Maintenance of Health Benefits
A covered employer is required to maintain group health insurance coverage for an employee on FMLA leave whenever
such insurance was provided before the leave was taken and on the same terms as if the employee had continued to
work. If applicable, arrangements will need to be made for employees to pay their share of health insurance premiums
while on leave.
(In some instances, as allowed by law, Employer may recover premiums paid to maintain health coverage for an employee
who fails to return to work from FMLA leave.)
Job Restoration
Upon return from FMLA leave, an employee must be restored to the employee’s original job; or to an equivalent job
with equivalent pay, benefits, and other terms and conditions of employment.
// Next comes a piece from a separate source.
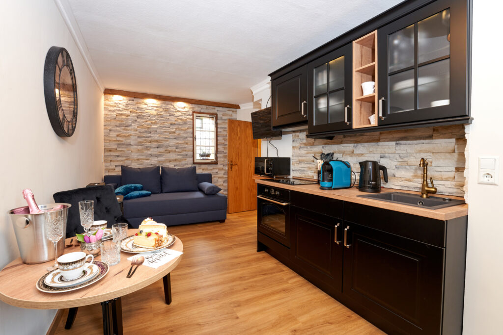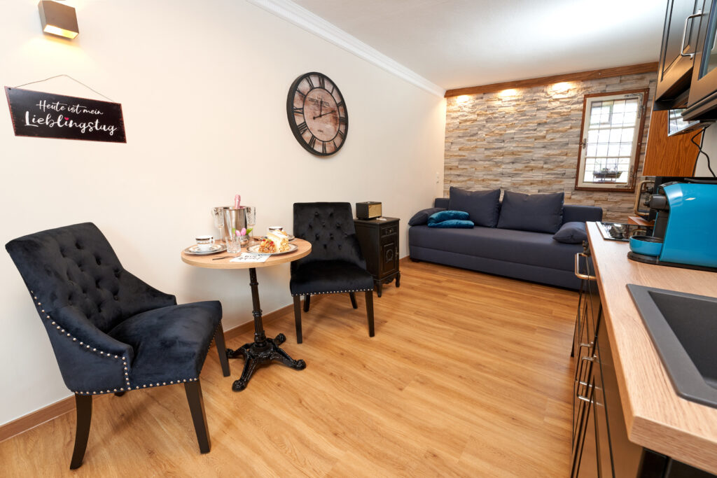 Die Stollenstube ist ein gemütliches Studio für zwei Personen mit warmem Naturstein-Look und moderner, klarer Gestaltung. Ein Ort zum Ankommen, Durchatmen und Abschalten.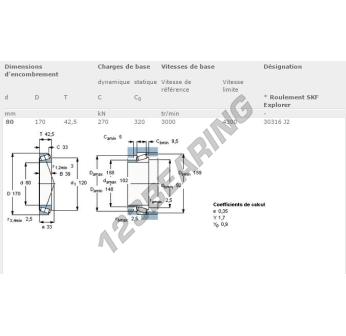 Il Cuscinetto Conico, noto come 30316-J2-SKF SKF, ha un diametro interno di 80 mm, un diametro esterno di 170 mm e uno spessore di 42.5 mm.

In addition, an employee’s use of FMLA leave cannot result in the loss of any employment benefit that the employee
earned or was entitled to before using FMLA leave, nor be counted against the employee under a “no fault” attendance
policy.
Key Employees
Under specified and limited circumstances where restoration to employment will cause substantial and grievous economic
injury to its operations, an employer may refuse to reinstate certain highly-paid “key” employees after using FMLA
leave during which health care was maintained. In order to do so, the employer must:
- notify the employee of his/her status as a “key” employee in response to the employee’s notice of intent to
take FMLA leave;
- notify the employee as soon as the employer decides it will deny job restoration, and explain the reasons
for this decision;
- offer the employee a reasonable opportunity to return to work from FMLA leave after giving this notice; and
- make a final determination as to whether reinstatement will be denied at the end of the leave period if the
employee then requests restoration.
A “key” employee is a salaried “eligible” employee who is among the highest paid ten percent of employees within
75 miles of the work site.
Notice and Certification
Employees seeking to use FMLA leave are required to provide 30 days advance notice of the need to take FMLA leave
when the need is foreseeable and such notice is practicable.
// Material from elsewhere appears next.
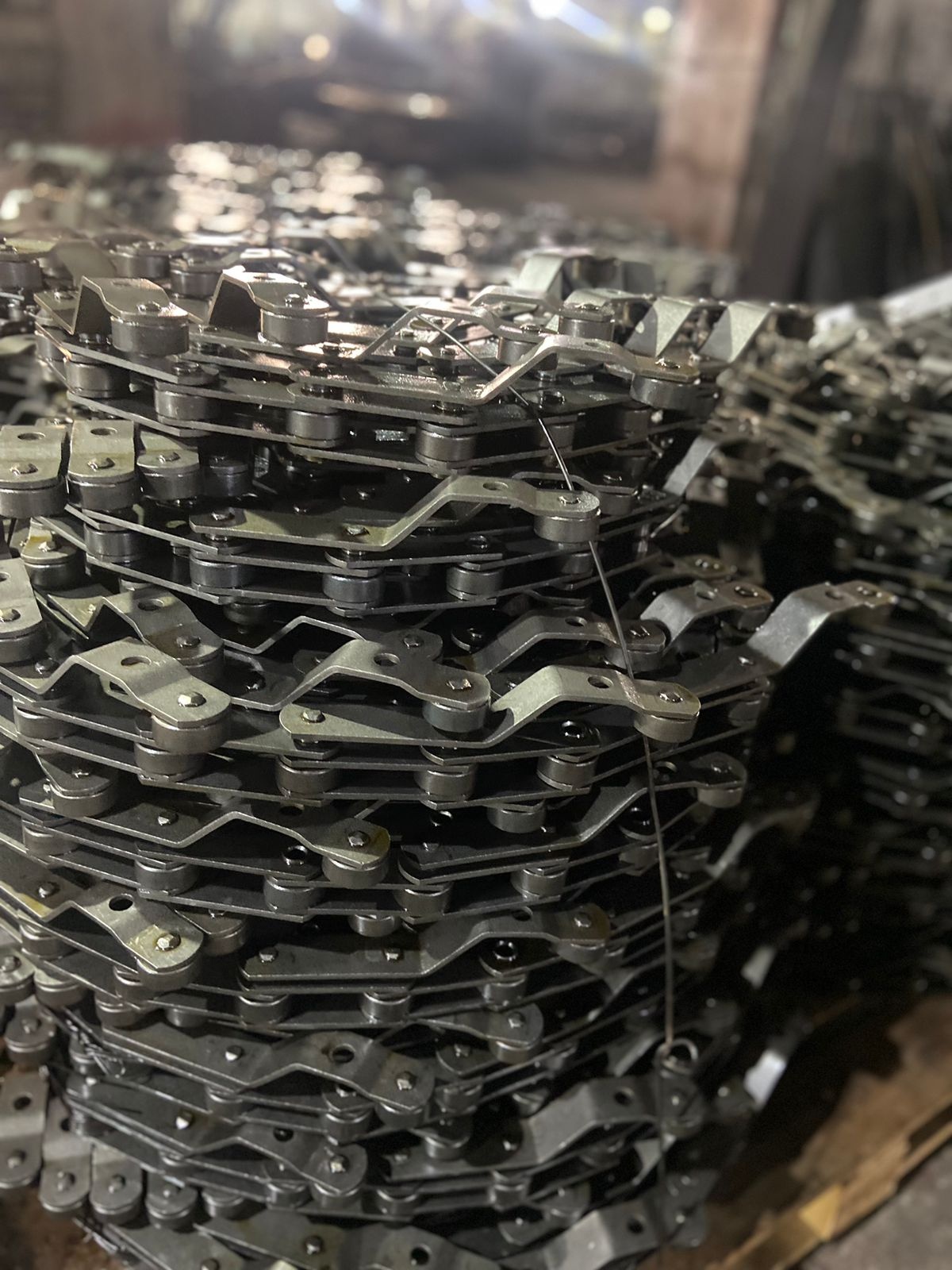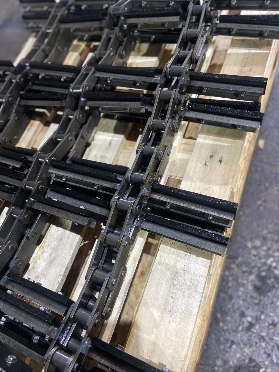 Тяговые пластинчатые цепи применяются в подъемно-транспортных машинах и других механизмах. Изготавливаются как без пластин, так и со спецпластинами типа 1 (втулочные), типа 2 (роликовые), типа 3 (катковые), типа 4 (катковые с ребордой).

Employer may also required employees to provide:
- medical certification supporting the need for leave due to a serious health condition affecting the employee
or an immediate family member;
- second or third medical opinions (at the employer’s expense) and periodic recertification; and
- periodic reports during FMLA leave regarding the employee’s status and intent to return to work.
When leave is needed to care for an immediate family member or the employee’s own illness, and is for planned medical
treatment, the employee must try to schedule treatment so as not to unduly disrupt the employer’s operation.